By direct use of the countertransference I mean that quite rare occasion, one which may be of exceptional value to the effectiveness of the analysis, when the analyst describes his experience as the object. To be sure, there are moments when it is difficult to distinguish between the indirect and the direct use of the countertransference, as, for example, when a patient is so persecutory or unreachable that the analyst’s expressed observation of his own feeling state or state of self is somewhere in between expressing the sense of the situation and declaring how he feels as the object of the patient’s transference. In such a case, communicating what the analyst senses about the patient in the session is an indirect use of the CT, and describing how he feels about being her object is a direct use.

… There are some patients to whom one could not ever usefully express one’s experience as their object and this must be accepted.


As I work to understand what I am in the transference, defined by the function elicited by the analysand, it may be possible in time to discover who I am, even if this ‘who’ is a composite of the patient’s mother, father and former child self.

Our psychoanalytic understanding of the transference has always been that this psychological phenomenon is a re-living in the analytic process of earlier states of being and experiencing.
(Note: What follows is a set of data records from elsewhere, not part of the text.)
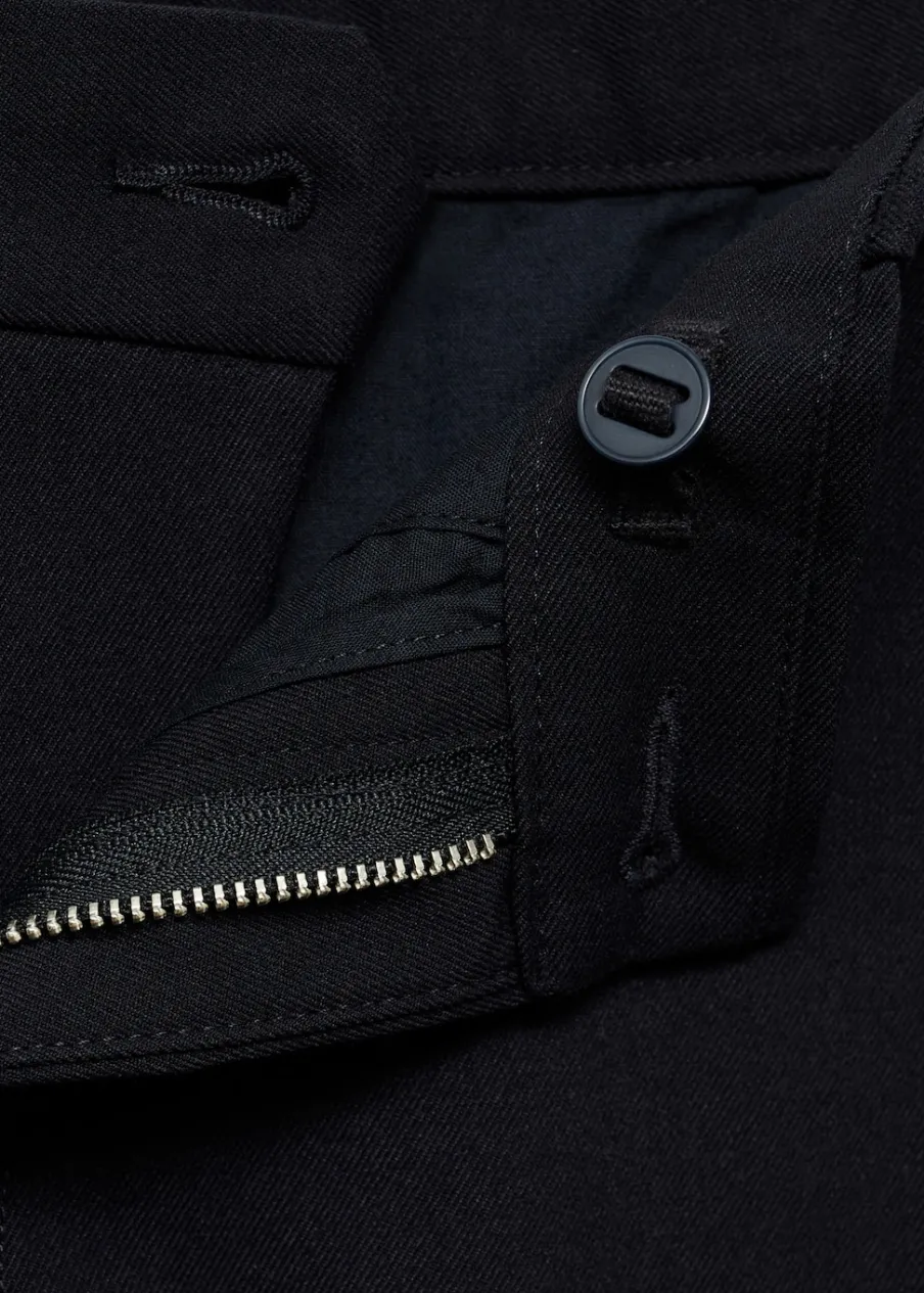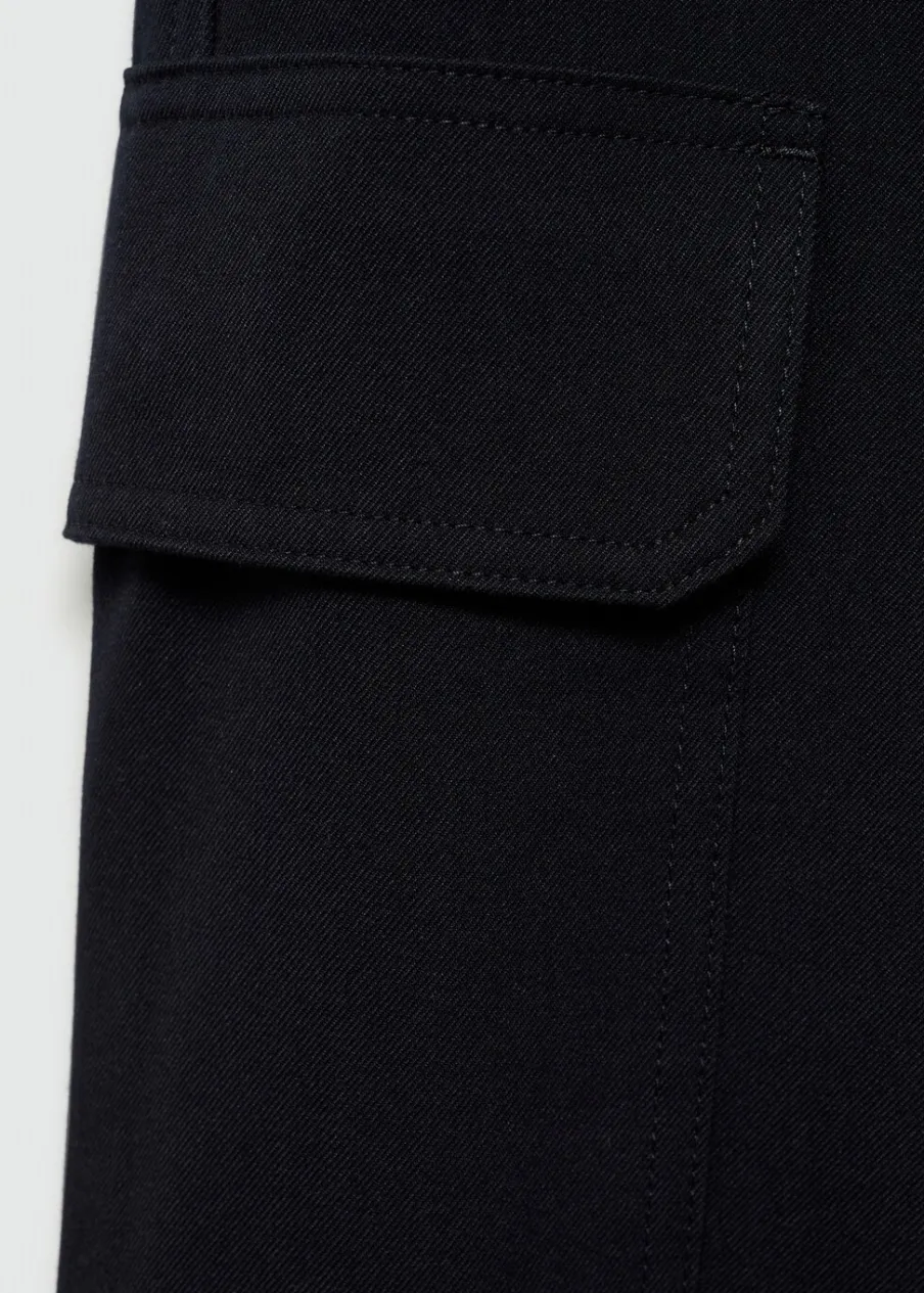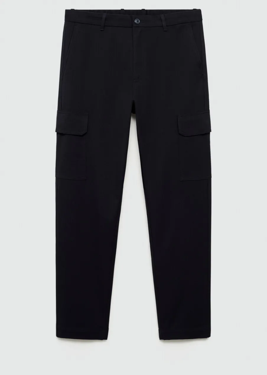 Fason cargo. Tkanina o skośnym splocie. Krój regular. Średni stan. Podwójne zapięcie na guzik i zamek. Szlufki na pasek. Dwie kieszenie z przodu. Dwie naszywane kieszenie z patką na nogawce. Dwie wpuszczane kieszenie z guzikiem z tyłu. Model ma 190 cm wzrostu i nosi rozmiar 42.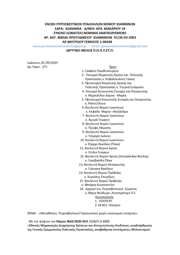 Επισυνάπτεται η αναφορά και η υπ’ αριθμ. 271/05.05.2025 Επιστολή της Ένωσης Πυροσβεστικών Υπαλλήλων Νομού Ιωαννίνων.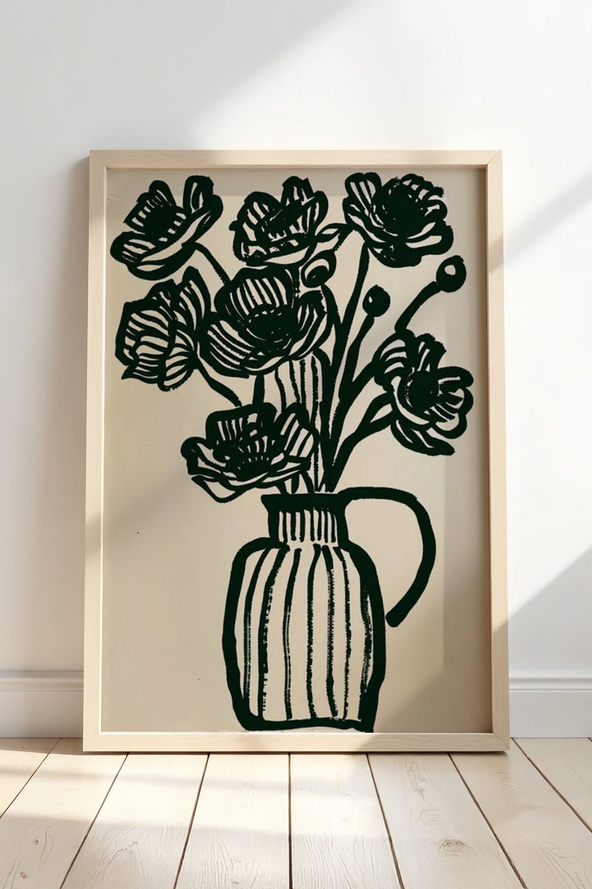 DOĞAL AHŞAP - Çiçek Vazosu Siyah Beyaz Baskı Sanatı Ahşap Çerçeveli Duvar Tablosu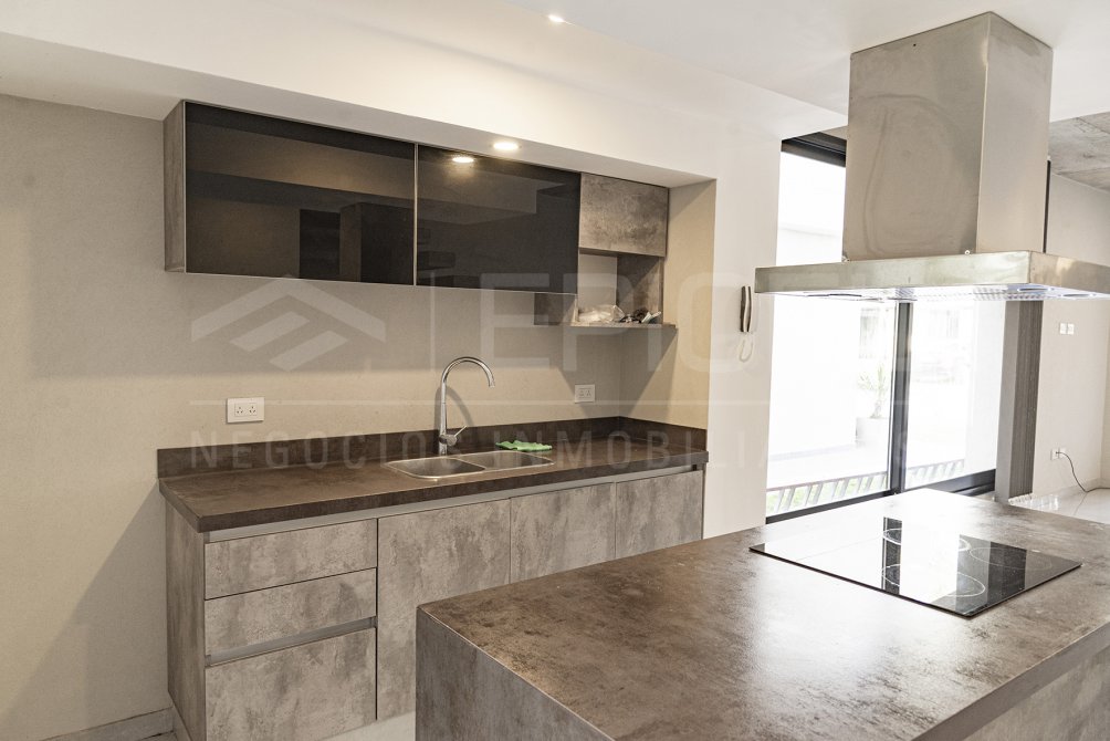Cocina con isla, muebles bajo mesada y alacenas, mesada de granito y doble bacha.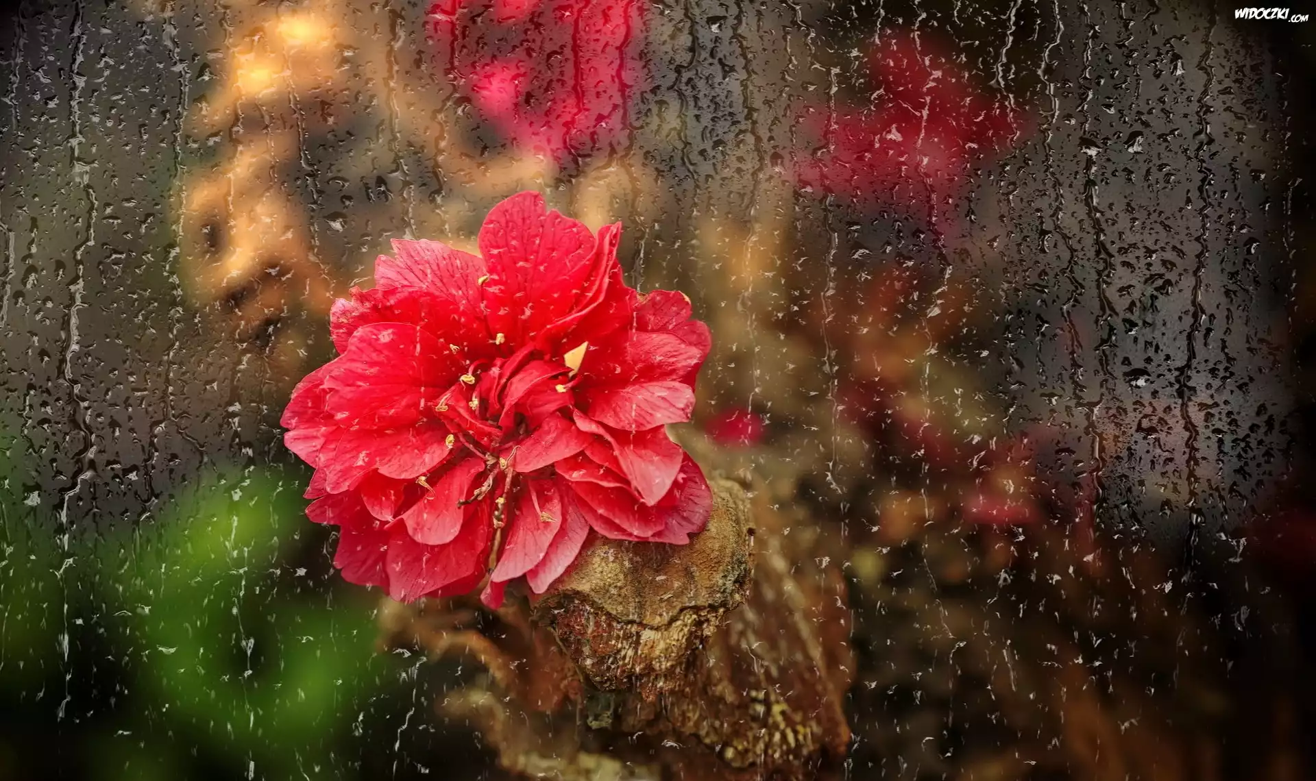 Czerwony, Kwiat, Szyba, Spływające ,Krople, Deszczu ,Odbicie

But I wonder now if this is strictly true. Can we say that what is occurring in the analysis has in its entirety ever been lived before? I think that in his discovery of psychoanalysis Freud created a situation, now with the person’s adult mental faculties present and functioning, in which the individual could live through for the first time elements of psychic life that have not been previously thought.

… The primary repressed must be that inherited disposition that constitutes the core of personality, which has been genetically transmitted, and exists as a potential in psychic space.